I see these approaches a lot when I look over the shoulders of LLM users, and find it very funny :D you're spending the time, effort, bandwidth and energy for four carefully worded questions to try and get a sense of the likelihood of the LLM's output resembling facts, when just a single, basic query with simple terms in any traditional search engine would give you a much more reliable, more easily verifable/falsifiable answer. People seem so transfixed by the conversational interface smokeshow that they forgot we already have much better tools for all of these problems. (And yes, I understand that these were just toy examples.)
The nice thing about using a language model over using a traditional search engine is being able to provide specific context (ie disambiguate where keyword searches would be ambiguous) and to correlate unrelated information that would require multiple traditional searches using a single LLM query. I use Kagi, which provides interfaces for both traditional keyword searches, and for LLM chats. I use whichever is more appropriate for any given query.

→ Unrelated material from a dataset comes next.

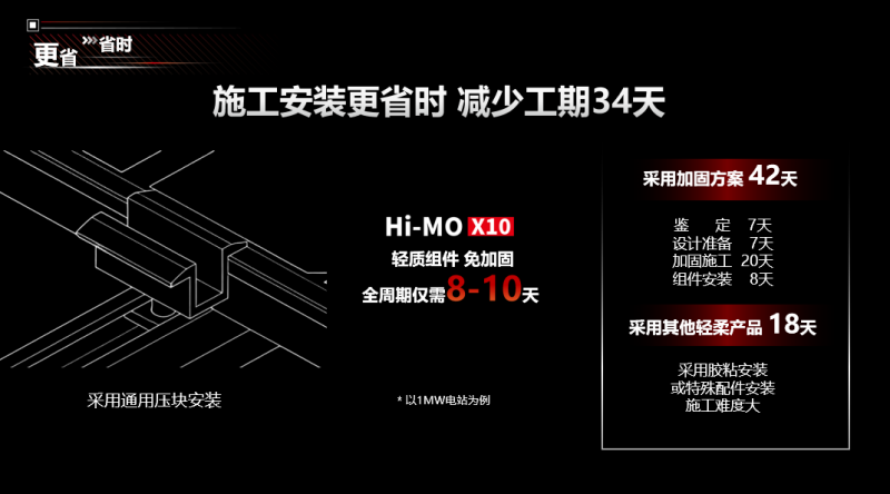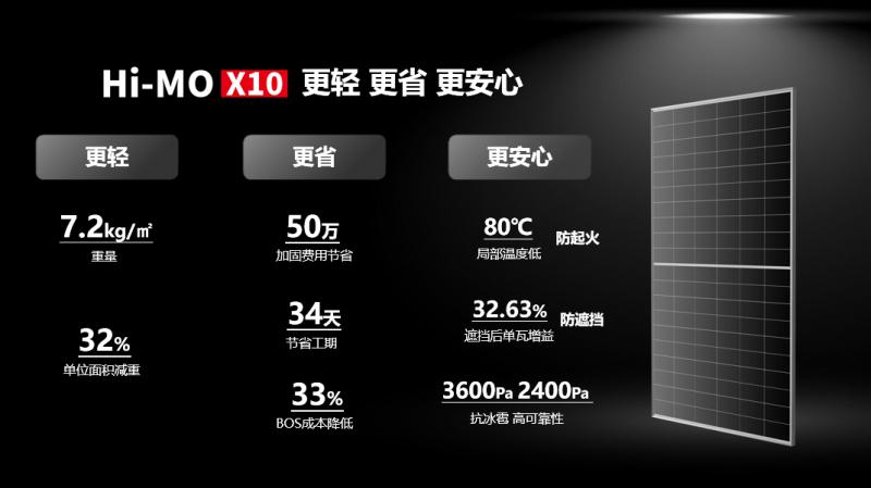 Hi-MO X10輕質(zhì)雙防組件的推出,為低載荷屋頂提供了“輕量、高效、安全”的一站式解決方案,以技術(shù)創(chuàng)新加速“雙碳”目標落地,引領(lǐng)光伏行業(yè)向場景化、精細化升級。

It really depends on the query. I'm not a Google query expert, but I'm above average. I've noticed that phrasing a query in a certain way to get better results just no longer works. Especially in the last year, I have found it returns results that aren't even relevant at all.

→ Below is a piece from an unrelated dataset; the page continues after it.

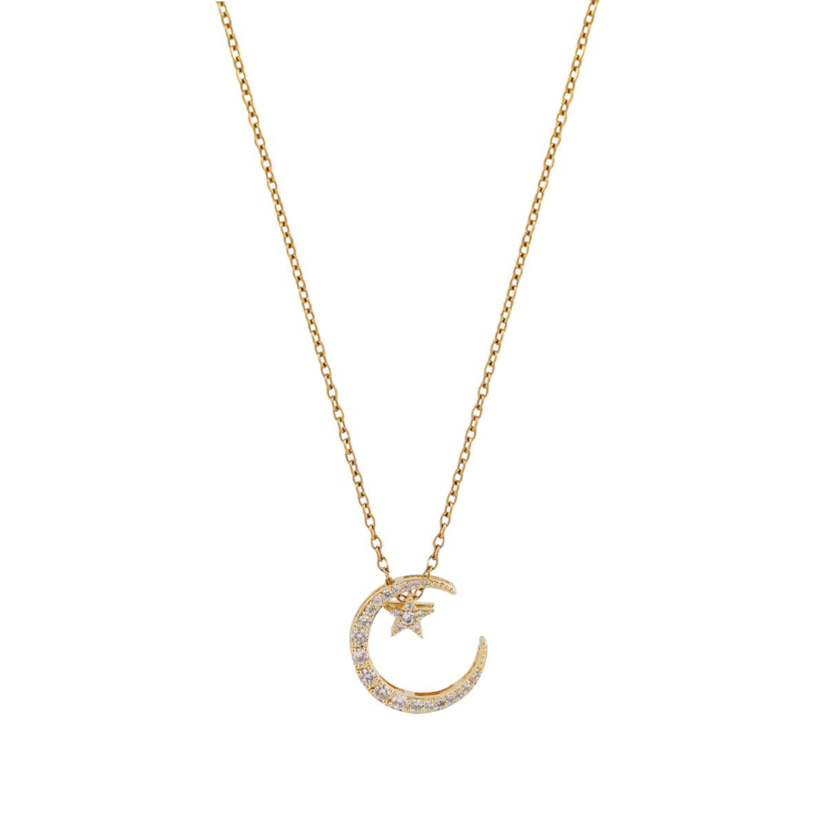 HomeCOPPER MOSS-TT【Pendant Necklace】Moon Star Pendant Necklace Stainless Steel Chain Gold-Tone Crystal Zirconia Celestial Romantic Elegant Jewelry for Women

The problem is people have learned to fill their articles/blogs with as many word combinations as possible so that it will show up in as many Google searches as possible, even if it's not relevant to the main question. The article has just 1 subheading that is somewhat relevant to the search query, even though the information under that subheading is completely irrelevant.
LLMs have ironically made this even worse because now it's so easy to generate slop and have it be recommended by Google's SEO. I used to be very good at phrasing a search query in the right way, or quoting the right words/phrases, or having it filter by sites. Those techniques no longer work.

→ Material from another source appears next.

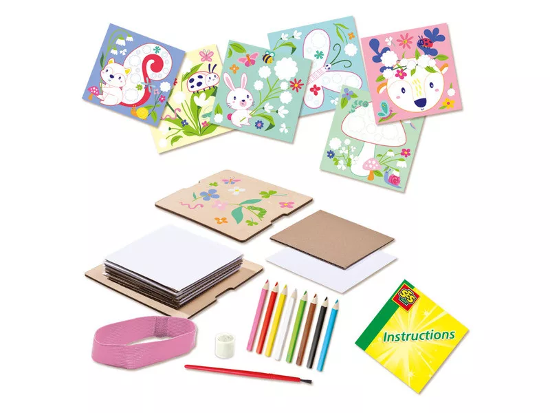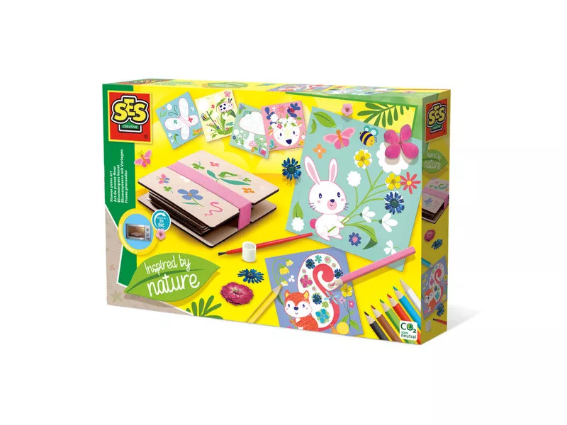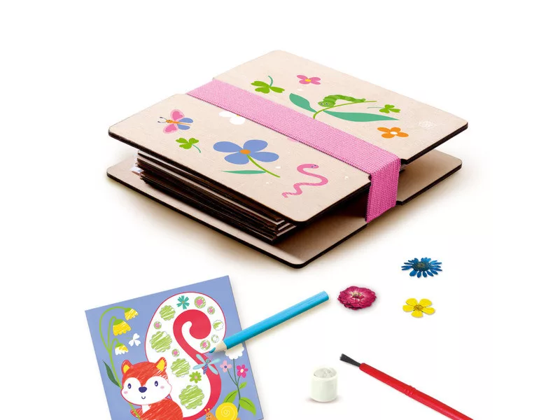 Tartalma: fából készült virágprés gumiszalaggal, 6 x színezőkártya, 8 x színes ceruza, ragasztó, ecset, használati utasítá

So I have turned to ChatGPT for most of the queries I would have typically used Google for. Especially with the introduction of annotations. Now I can verify the source from where it determined the answer. It's a far better experience in most circumstances compared to Google.
I have also found ChatGPT to be much better than other LLMs at understanding nuance. There have been numerous occasions where I have pushed back against ChatGPT's answer and it has responded with something like "You would be correct if your input/criteria is X. But in this case, since your input/criteria is Y, this is the better solution for Z reasons".